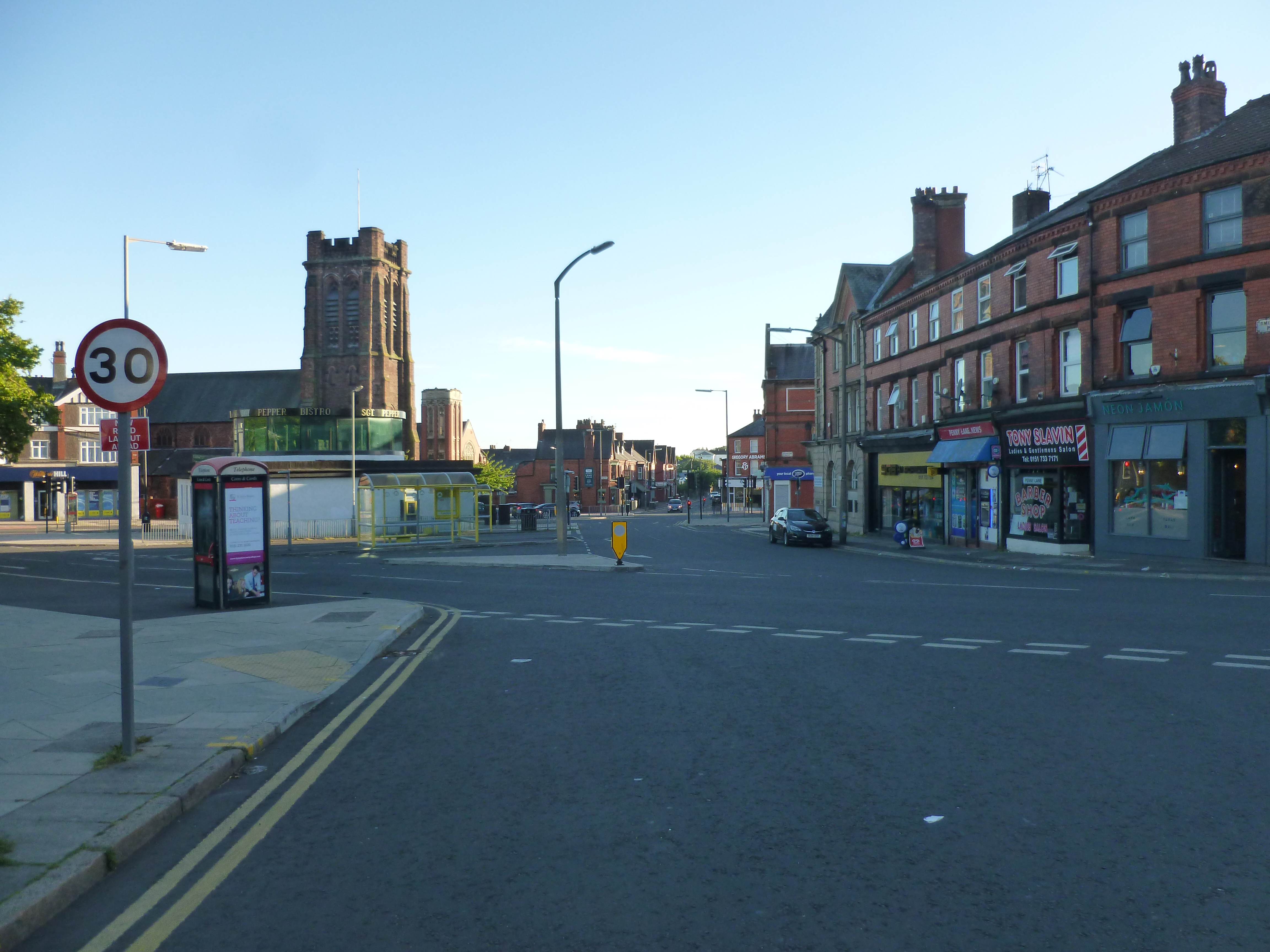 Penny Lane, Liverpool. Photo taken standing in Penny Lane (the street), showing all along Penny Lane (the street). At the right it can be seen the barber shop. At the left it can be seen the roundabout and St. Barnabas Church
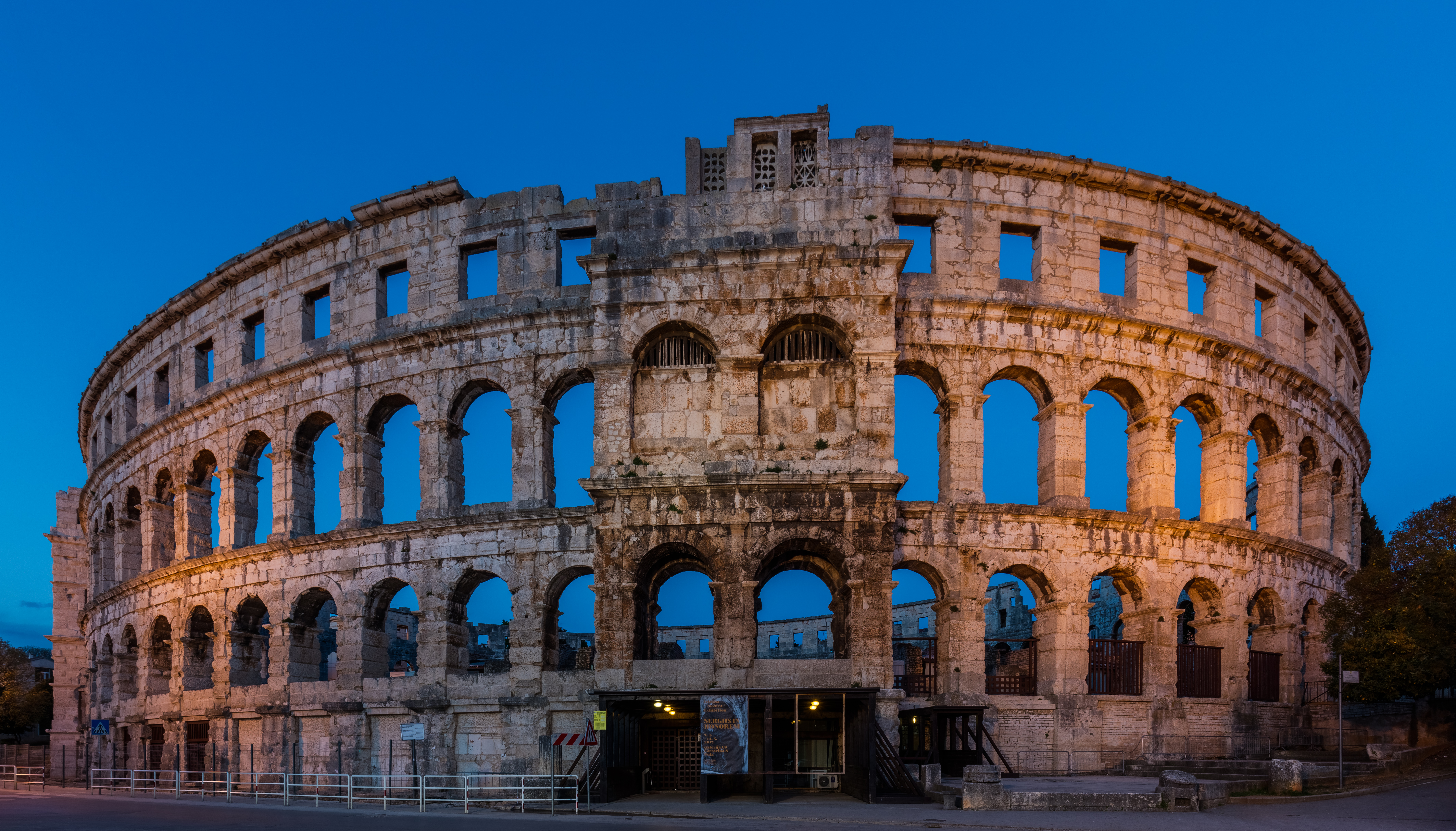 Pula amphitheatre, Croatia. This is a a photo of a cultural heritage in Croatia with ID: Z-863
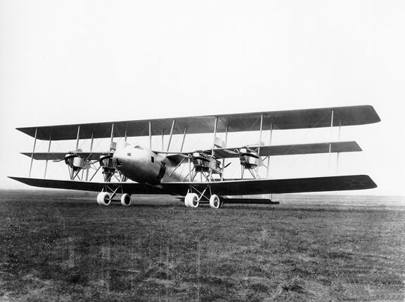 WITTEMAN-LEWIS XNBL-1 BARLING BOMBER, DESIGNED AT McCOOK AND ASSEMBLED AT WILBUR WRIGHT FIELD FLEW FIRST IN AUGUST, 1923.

——

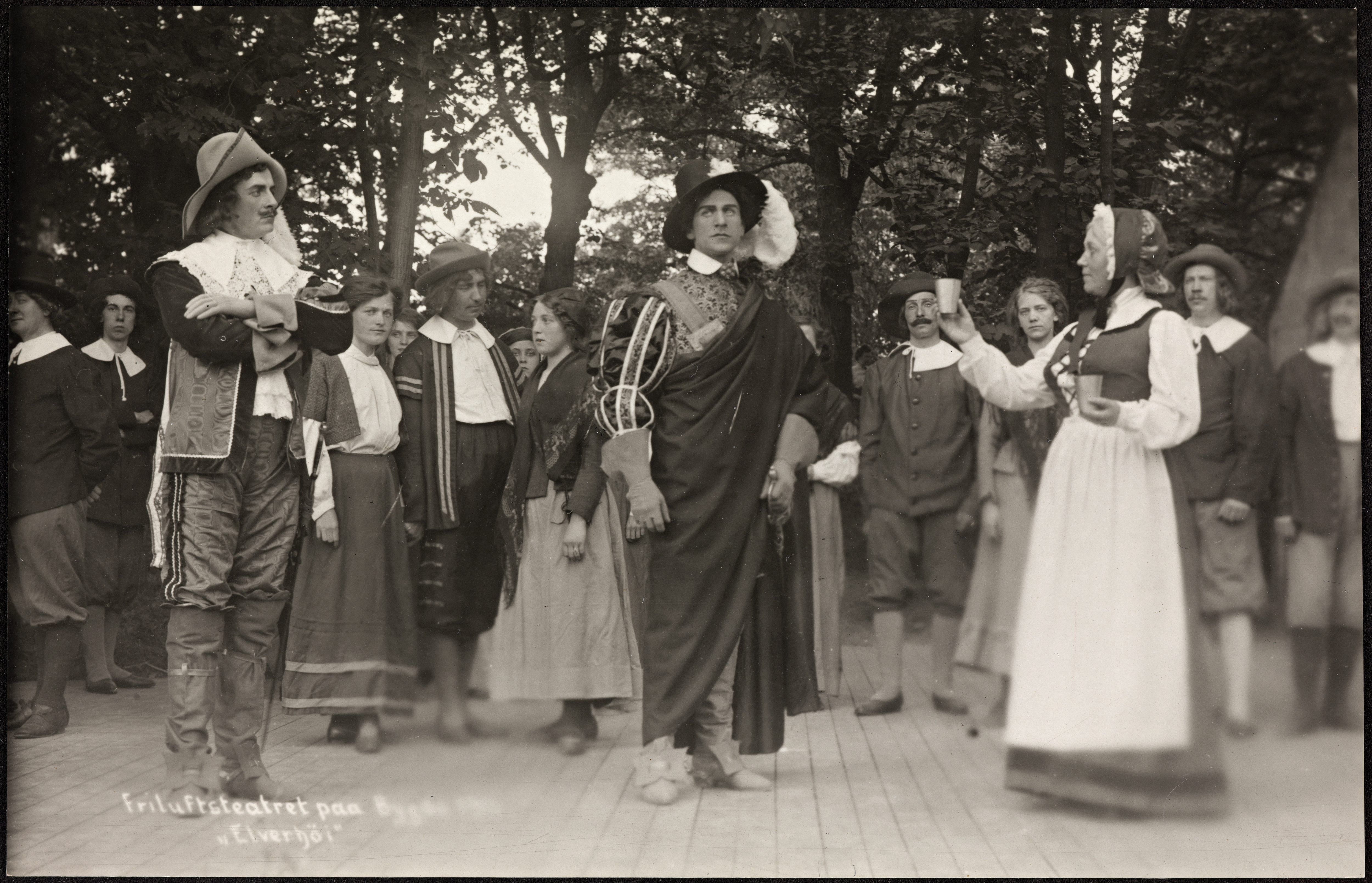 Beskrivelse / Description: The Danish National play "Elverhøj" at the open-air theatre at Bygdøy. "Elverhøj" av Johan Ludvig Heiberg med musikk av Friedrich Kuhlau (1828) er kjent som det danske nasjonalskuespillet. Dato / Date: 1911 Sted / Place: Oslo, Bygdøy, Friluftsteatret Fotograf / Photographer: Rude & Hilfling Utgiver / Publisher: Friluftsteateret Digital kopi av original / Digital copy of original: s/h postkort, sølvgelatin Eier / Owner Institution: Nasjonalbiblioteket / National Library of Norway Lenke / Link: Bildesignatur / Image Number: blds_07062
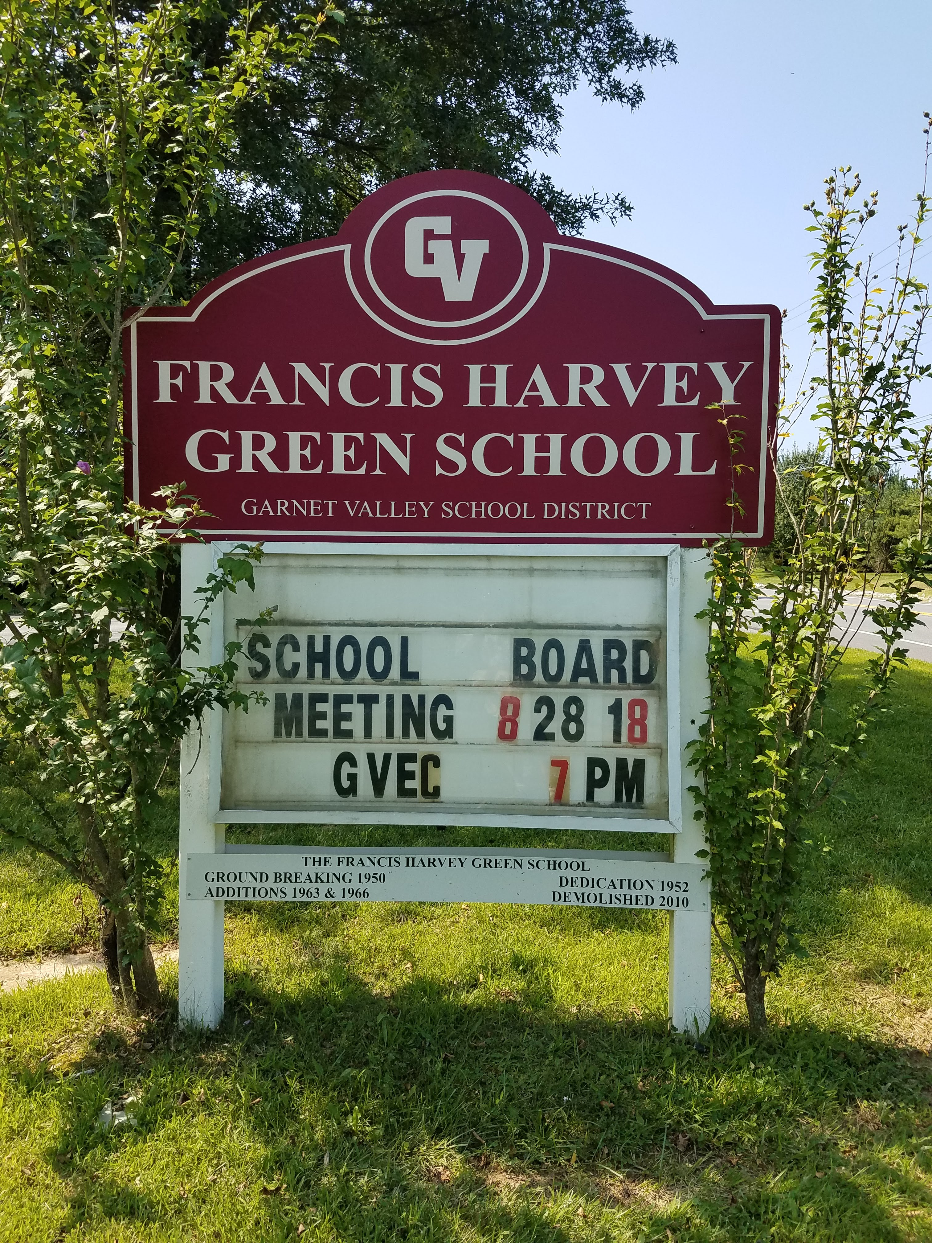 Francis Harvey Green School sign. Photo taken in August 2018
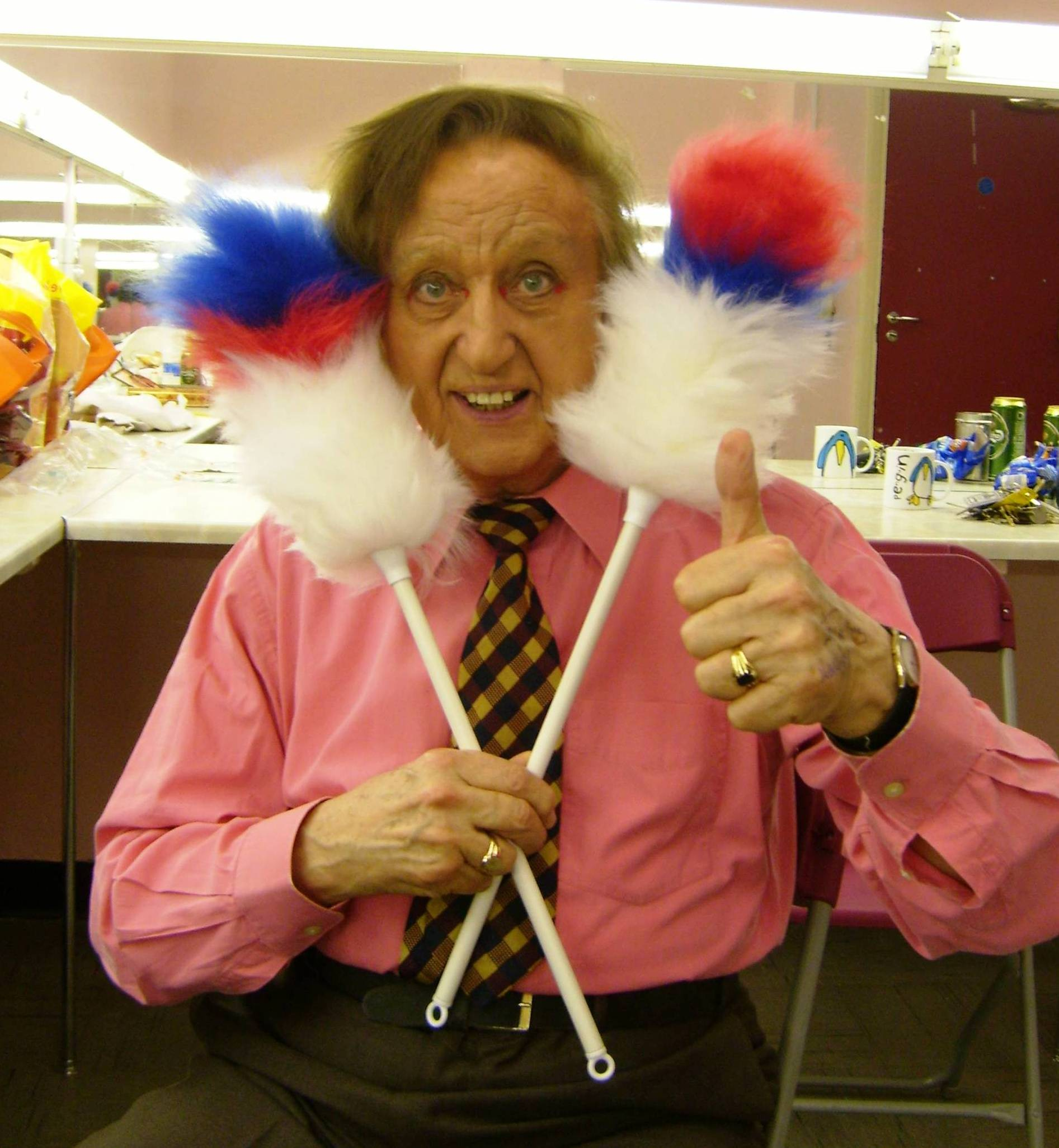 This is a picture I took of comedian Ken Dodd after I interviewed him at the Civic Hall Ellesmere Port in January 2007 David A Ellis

——

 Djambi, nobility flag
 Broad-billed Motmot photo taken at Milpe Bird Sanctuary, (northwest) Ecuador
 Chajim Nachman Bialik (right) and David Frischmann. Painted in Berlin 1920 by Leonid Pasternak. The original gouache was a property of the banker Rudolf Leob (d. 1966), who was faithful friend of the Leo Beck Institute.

——

• [WHAT THE EXERCISE ASKS]: Given the entries above, transcribe exactly the lines from the one holding "Pula amphitheatre, Croatia." through the one holding "WITTEMAN-LEWIS XNBL-1 BARLING"; pictures do not belong in the transcription.

• [WRITTEN REPLY]:
 Pula amphitheatre, Croatia. This is a a photo of a cultural heritage in Croatia with ID: Z-863
 WITTEMAN-LEWIS XNBL-1 BARLING BOMBER, DESIGNED AT McCOOK AND ASSEMBLED AT WILBUR WRIGHT FIELD FLEW FIRST IN AUGUST, 1923.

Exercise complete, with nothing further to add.